Article Information

Hae Yeong Kang¹, Su-Bin Seong¹, Nari Kim¹, Tae Sun Shim², Sooyeon Chung³, Jeong-Ran Kim^1*

¹Department of Research and Development, The Korean Institute of Tuberculosis, Cheongju-si, Republic of Korea

²Department of Pulmonary and Critical Care Medicine, Asan Medical Center, University of Ulsan College of Medicine, Seoul, Republic of Korea

³National Institute of Medical Device Safety Information, Seoul, Republic of Korea

*Corresponding author: Jeong-Ran Kim, Department of Research and Development, The Korean Institute of Tuberculosis, 168-5 Osongsaengmyeong 4-ro, Heungdeok-gu, Cheongju-si, Chungcheongbuk-do, 28158, Republic of Korea.

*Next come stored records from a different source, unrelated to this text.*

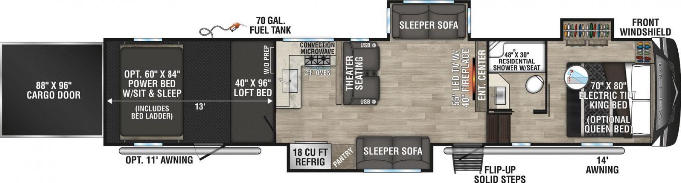 Venom is available in four floorplans, all featuring power beds and loft beds. You’ll be sure to relax in comfort and style no matter where you are!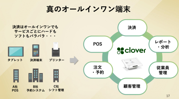 Fiservは中小事業者向け決済・店舗DXサービス「Clover」を日本で初めて展開する。決済端末の導入にとどまらず、店舗運営から資金繰りまでを一元管理する「真のオールインワン」で、キャッシュレス後半戦に挑む。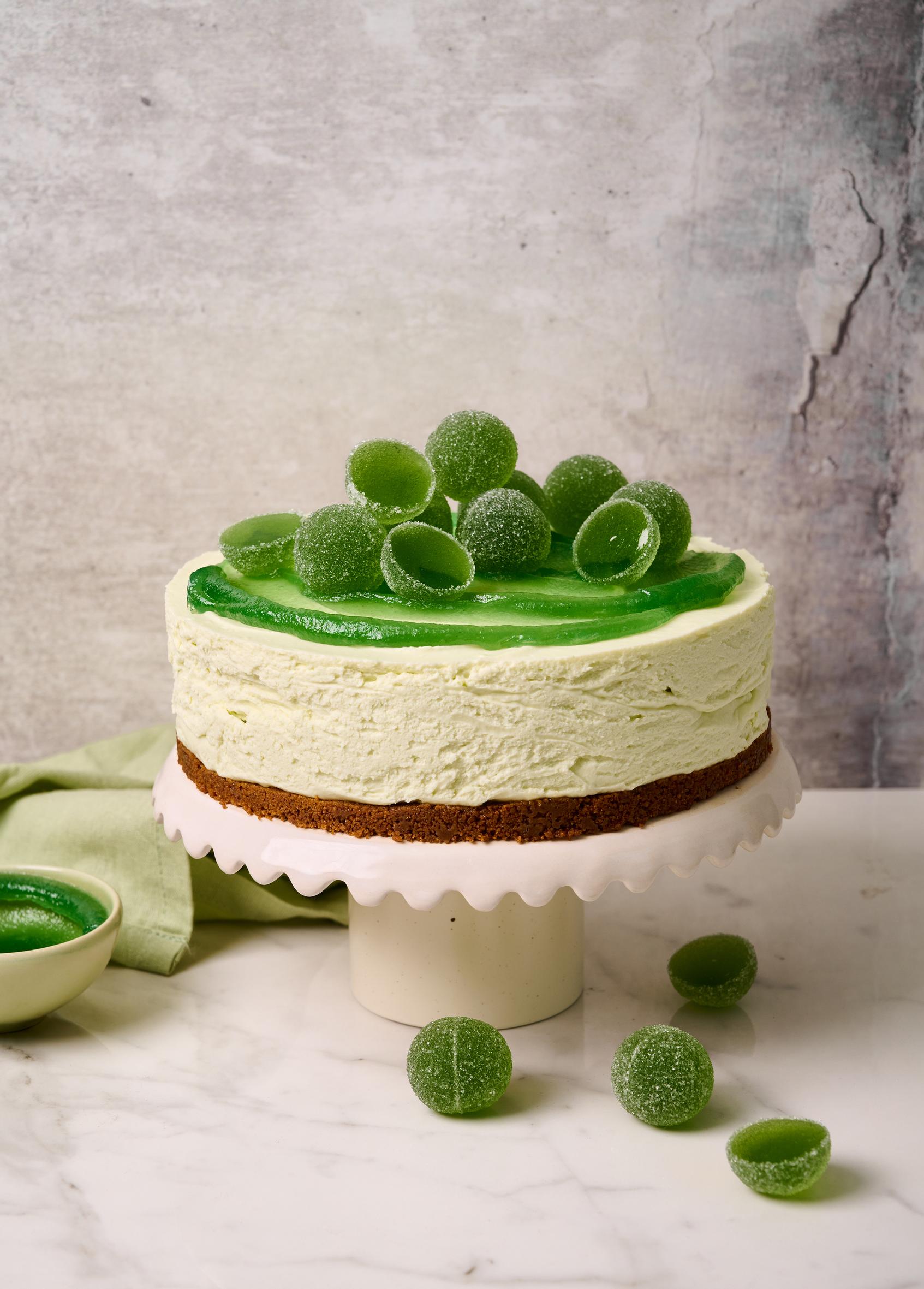 Vihreä kuula -juustokakku hurmaa samettisella täytteellään – tässä on pikkujoulujen tai joulupöydän veikeä herkku!

Received: 27 March 2024; Accepted: 03 April 2024; Published: 17 April 2024

Citation: Hae Yeong Kang, Su-Bin Seong, Nari Kim, Tae Sun Shim, Sooyeon Chung, Jeong-Ran Kim. Evaluation of a Lateral Flow Assay for Rapid and Simple Detection of IFN-γ for the Diagnosis of Latent Mycobacterium tuberculosis Infection. Archives of Microbiology and Immunology. 8 (2024): 148-155.

Abstract

Keywords

Lateral flow assay; Latent tuberculosis infection; Interferon-gamma release assays; Enzyme-linked immunosorbent assay

Article Details

Abbreviations:

Mtb: Mycobacterium tuberculosis; TB: Tuberculosis; IFN-g: Interferon-gamma; IGRAs: Interferon-gamma release assays; LFA: Lateral flow assay; QFT-GIT: QuantiFERON-TB Gold In-Tube; QFT-plus: QuantiFERON-TB Gold Plus; ELISA: Enzyme-linked immunosorbent assay; ESAT-6: Early secreted antigenic target 6 kDa; CFP-10: Culture filtrate protein 10 kDa

1. Introduction

One-quarter of the world’s population is estimated to be affected by latent Mycobacterium tuberculosis (Mtb) infection, approximately 5–10% of which eventually develops into active tuberculosis (TB) by the reactivation or re-infection of Mtb [1]. Accurate diagnosis of latent TB infection is crucial to facilitate early treatment of infectious cases and reduction of the spread of TB [2].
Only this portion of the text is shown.